Он не мог понять, как такое могло случиться. Девушка лежала без сознания, под ней лужей растекалась кровь. Правая нога пугающе вывернулась. Из рваной раны на голени торчал осколок кости.
Миша изо всех сил пытался проснуться. Бил себя по щекам, давил костяшками пальцев на точку на верхней губе, прокусил руку до крови. Но кошмар не прекращался.
Он кинулся к Ане. Рыдая, шептал что-то бессвязное, какие-то подобия извинений, мольбы, боясь даже взглянуть на искалеченную ногу. Он прижимал обмякшее тело к себе, качал на руках, словно пытался усыпить, затем почему-то решил привести в чувства, тормошил, хлопал по щекам.
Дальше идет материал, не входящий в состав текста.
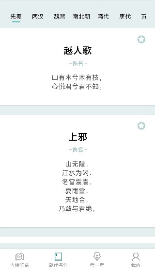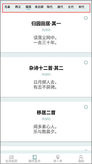 2、点击朝代名作板块,能够查看不同朝代的各类古诗词,分类清晰便于查找。
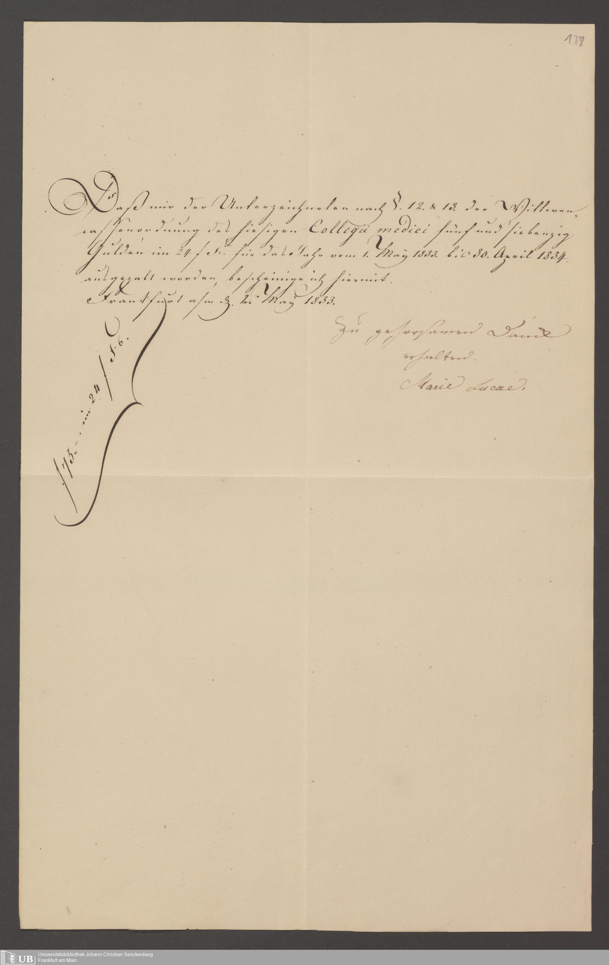 B 5 Dr. Senckenbergische Stiftung, 142 - Witwenkasse IV
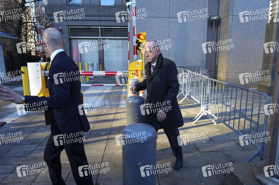 Ed Mullins verlässt das Gericht, nachdem er im Zusammenhang mit einer Razzia in seinem Haus und seinem Gewerkschaftsbüro im vergangenen Jahr strafrechtlich verfolgt wurde. Der frühere Leiter der Sergeants Benevolent Association der NYPD stellte sich am Mittwochmorgen den Vorwürfen der Veruntreuung von Gewerkschaftsgeldern. New York, 23.02.2022
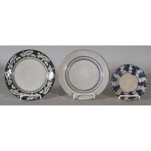 DEDHAM POTTERY (3) 8 1/2" plate with Snow tree border, 6" plate with grape border and 8 1/2" plate with line border CONDITION REPORT: no problems. PACKING AND SHIPPING: We offer packing (double boxed in most cases) and shipping of this item within the Continental United States by USPS or UPS (our choice- boxes over 30lbs or oversized may be recalculated based on buyer's location), NOT INCLUDING INSURANCE (it will be added when we know the sales price) for $30 We will adjust shipping when lots can be combined.

Аня открыла глаза. Он испугался: что наделал?! Она же сейчас умрет от боли! Но Аня даже не поморщилась. На Мишу уставились две красивые стекляшки. Ни боли, ни страха, ни любви, ни ненависти. Ничего.
В голове, как набитой опилками, ни одной мысли не осталось. Шаря рукой по полу, он нащупал валяющуюся игрушку. Фарфоровое личико было мокрым от слез, они текли из полных дикой муки, человеческих, любимых глаз.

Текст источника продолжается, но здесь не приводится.